病気を全うする
すべて調和というのは、一つ違っても調和ではないのです。そういうことは体が知っている。
私は、初めは病気を治すつもりで治療ということをやっておりました。そのうちに、人間が病気になるということは全く無駄なことだろうか、と思うようになりました。そう思って観ると、病気をする人は、病気しないといけない状態になっている。そして病気して経過すると、今までの疲れが抜ける。眠っている力が出てくる。ひょっとしたら、病気はそういう居眠りしている力を喚び起すためになるのではないだろうか。
…前屈みの人は、ある状態以上に屈んでくると風邪を引く。それを通ると腰が伸びてシャンとしてくる。そこで、風邪や下痢は体を調整するための働きではないか、それなら人間が病気になるということは、無意味なことではないと思いました。とすれば病気を治すよりは、病気の経過を全うした方がいい。そう思って観ていますと、大部分の人は病気のあと元気になります。けれども、その経過の中でちょっと気が乱れたり、不安な気があったり、臆病な気があったりすると、病気になって却って体が弱る。それは焦るからなのです。

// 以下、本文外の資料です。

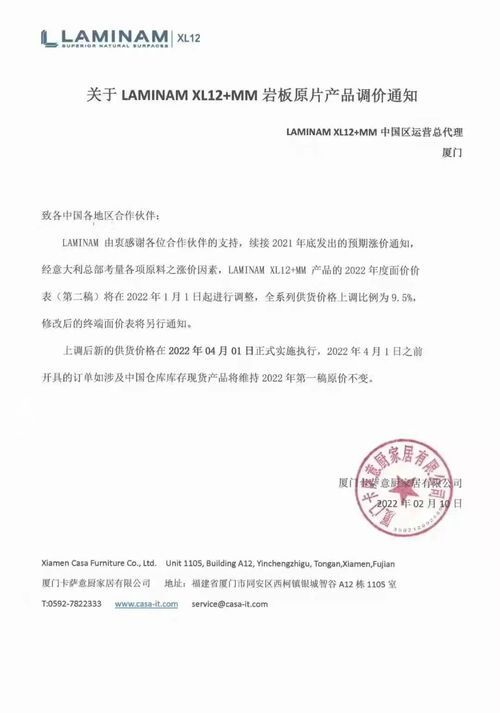 近日,LAMINAM发布调价通知,经意大利总部考量各项原料涨价因素,LAMINAM XL12+MM岩板全系列产品价格上调9.5%,新价格表将于4月1日正式执行。佛山知名岩板营销平台发出通知,3月10日起用新单价表,各类产品均涨价5元/㎡左右。另一佛山知名陶企也发出大规格岩板涨价通知,也是3月10日起涨价5元/㎡左右。但其涨价对象写明是OEM客户。

病気を全うするということを考え出したのは、病気を自分の体力で経過した人が、その後みんな元気になるということをみたからです。顔色を見てもスーッと透き通って、濁りがなくなっているのです。
…それを経過の途中で止めたり、抑えたりした人は、病気をやっていよいよ弱くなってくるし、病気をやったあとも濁った顔になっている。そしてまた病気をするのです。本当は病気をやっているうちは蒼くとも、経過し終えたならばスッキリと透き通って、綺麗になってこなくてはならない。働いても疲れない体になっていなくてはならない。それがそうならないというのは、経過を全うさせなかったからです。(野口晴哉著『愉気法 1』全生社 pp.36-38)
以前は慢性病・難病系統の方が一定の割合で来られていたが、最近の方をみていると姿勢の問題や肩・背中・腰周辺の痛みや違和感などを訴えられる方が多い。いわゆる「整体院」の領分という感じを受ける。ホームページの内容が少しずつ変わっているのでその影響だろうか。
身体が硬張って姿勢が偏っているような方は、いわゆる風邪など何年も引いていないということがめずらしくない。手を当てていても、はじめの内は気が通るまで何十分もかかる。ところが数回通ううちに下痢をしたり、熱を出すようになると、そこを境に姿勢が変わってくる。まるで熱で身体のこりが解けていくように、正しい位置に戻っていく。
風邪に限らず病気というのは身体の平衡を保つための調整役を担っている。その病気を「わるいもの」として駆逐していけば、身体は知らないうちに鈍り、老朽化してくる。
何年か前に、すい臓がんの治療中の人を観たら操法の数日後に肺炎を起こして入院してしまった。愉気によって潜在体力が煥発したものと思ったが、その方はそれっきり来なくなってしまったので予後についてはわからない。
西洋医療とは身体の見方、持って行き方、理想形がほぼ真逆なのだ。我々と共有できない部分がない訳ではないが、整体によって丈夫な身体を保つ、育てると言った場合には、どこかでパラダイムシフトを要求される。
うちの整体に関して言えば、30、40代で始められる方が圧倒的に多い。このぐらいが考え方の転換期としてちょうどよいのかも知れない。物事には「その人の、その時」というのがあるのは間違いないが、整体をやるには早いに越したことはない。これはまぎれもない事実なのだ。
ただ歳をとっても頭の柔軟な人は、腰もやわらかい。逆に整体の必要な人ほど身体も考え方も固く、新たな価値観が受け入れにくい。こんな時ほど指導者の力が問われるわけだが、論より証拠で自ら元気な姿を見せることが何よりだろう。